ECLI:NL:HR:2023:1753
Hoge Raad
- Cassatie
- Rechtspraak.nl
Cassatie over kenbaarheidseisen van NEN-normen in verordening zuiveringsheffing
In deze zaak heeft de Hoge Raad op 15 december 2023 uitspraak gedaan in een cassatieprocedure over de kenbaarheidseisen van NEN-normen in de verordening inzake zuiveringsheffing. Het dagelijks bestuur van de Belastingsamenwerking gemeenten en hoogheemraadschap Utrecht had een aanslag opgelegd aan [X] B.V. voor het jaar 2018. De belanghebbende ging in beroep tegen de uitspraak van het Gerechtshof Arnhem-Leeuwarden, dat had geoordeeld dat de NEN-normen essentieel zijn voor het vaststellen van de heffingsmaatstaf en dat aan de kenbaarheidseisen van de Waterschapswet moest worden voldaan.
De Hoge Raad oordeelde dat het Hof ten onrechte had geoordeeld dat de verordening als het besluit dat algemeen verbindende voorschriften inhoudt, moest worden aangemerkt. De Hoge Raad stelde vast dat de heffingsambtenaar zich ten onrechte op het standpunt had gesteld dat het Besluit als bekend te maken besluit kon worden aangemerkt. De Hoge Raad concludeerde dat de kenbaarheidseisen zijn nageleefd en dat de uitspraak van het Hof en de Rechtbank vernietigd moesten worden. De Hoge Raad verklaarde het beroep in cassatie gegrond en het beroep ongegrond.

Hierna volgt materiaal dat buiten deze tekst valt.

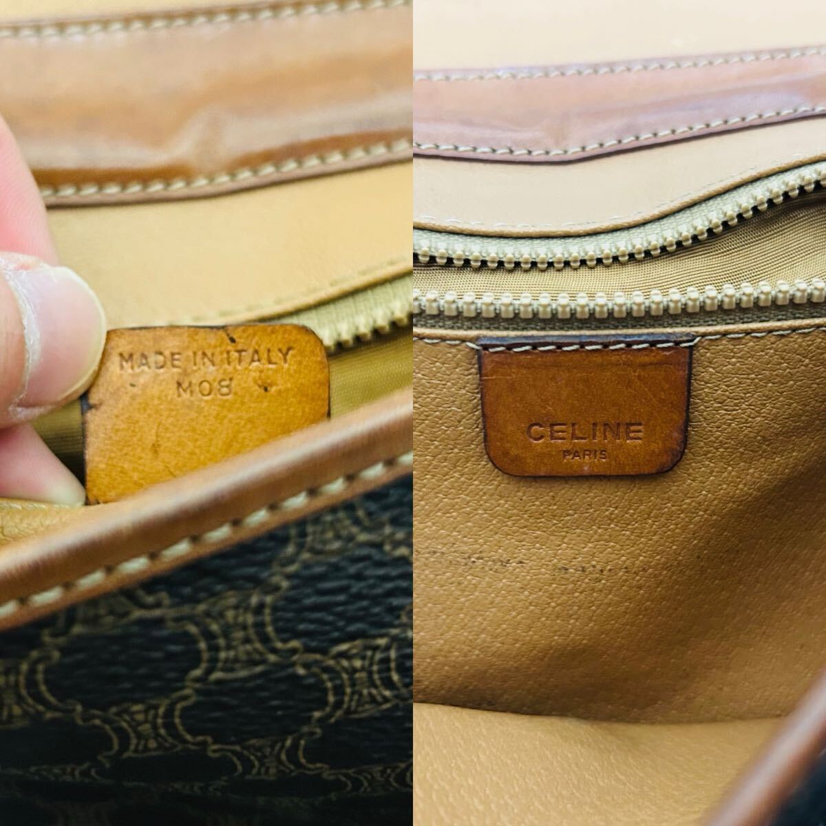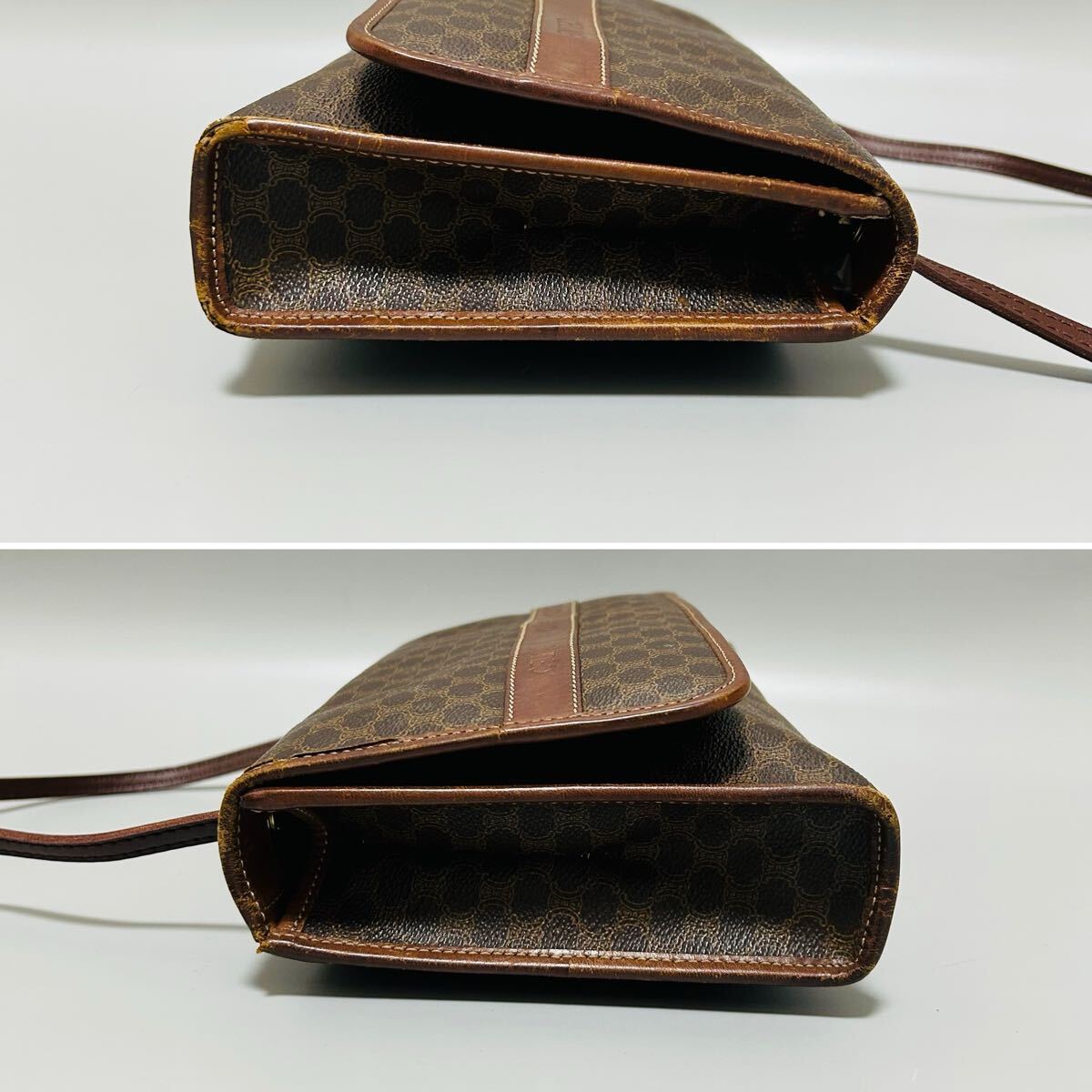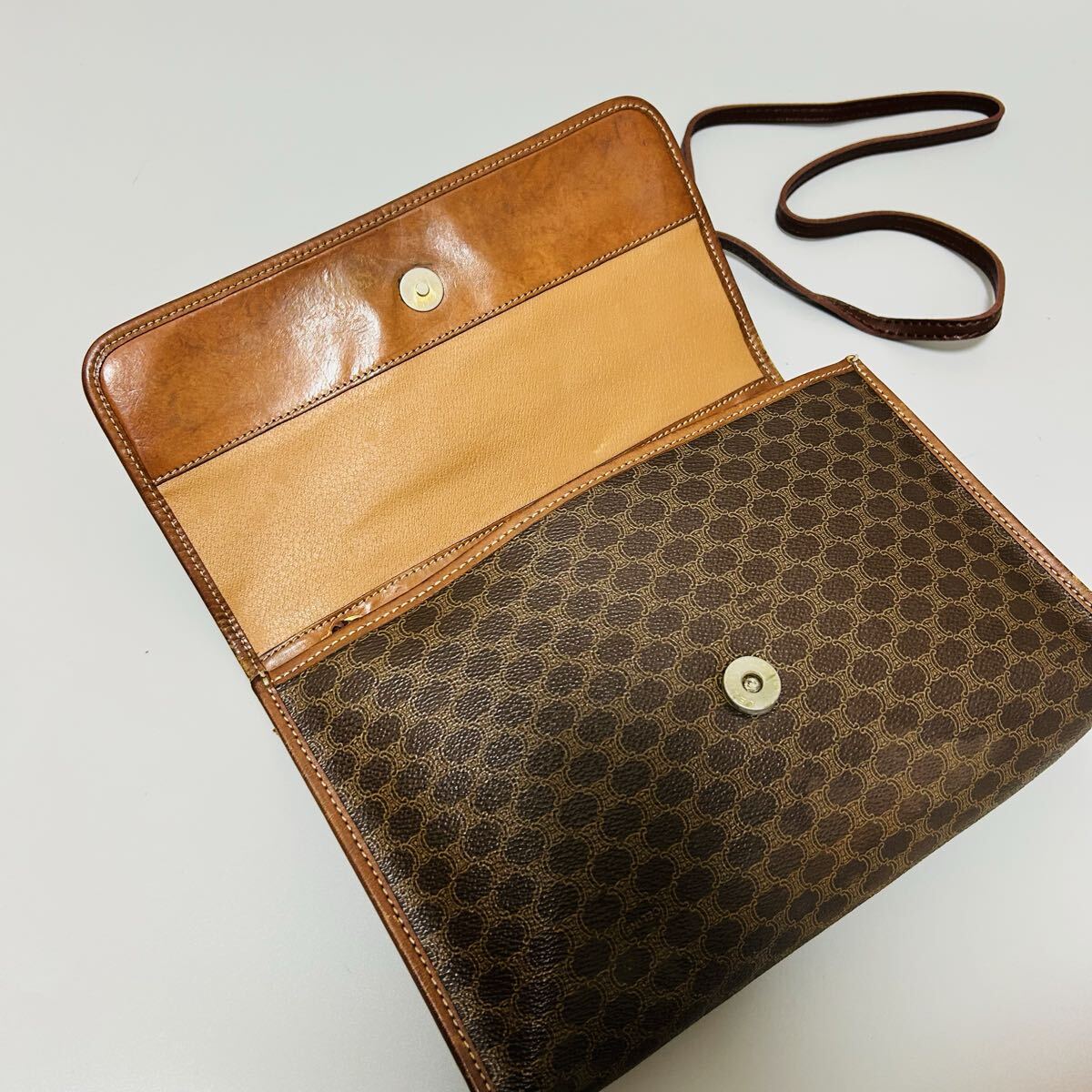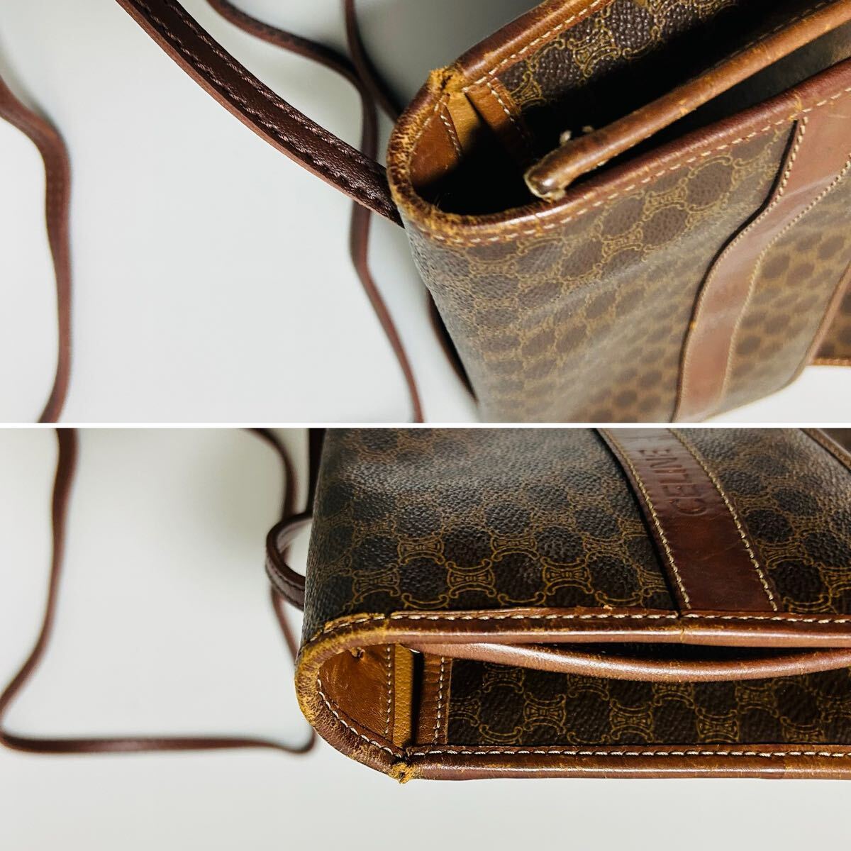 1円 CELINE セリーヌ マカダム柄 PVC×レザー ショルダーバッグ カメラバッグ ポシェット レディース ブラウン系 正規品本物

De uitspraak heeft belangrijke implicaties voor de bekendmaking van belastingverordeningen en de toepassing van NEN-normen in de praktijk. De Hoge Raad benadrukte dat de toegankelijkheid van de verordening en de bijbehorende bepalingen voldoende moet zijn voor belastingplichtigen, zodat zij hun rechten kunnen uitoefenen.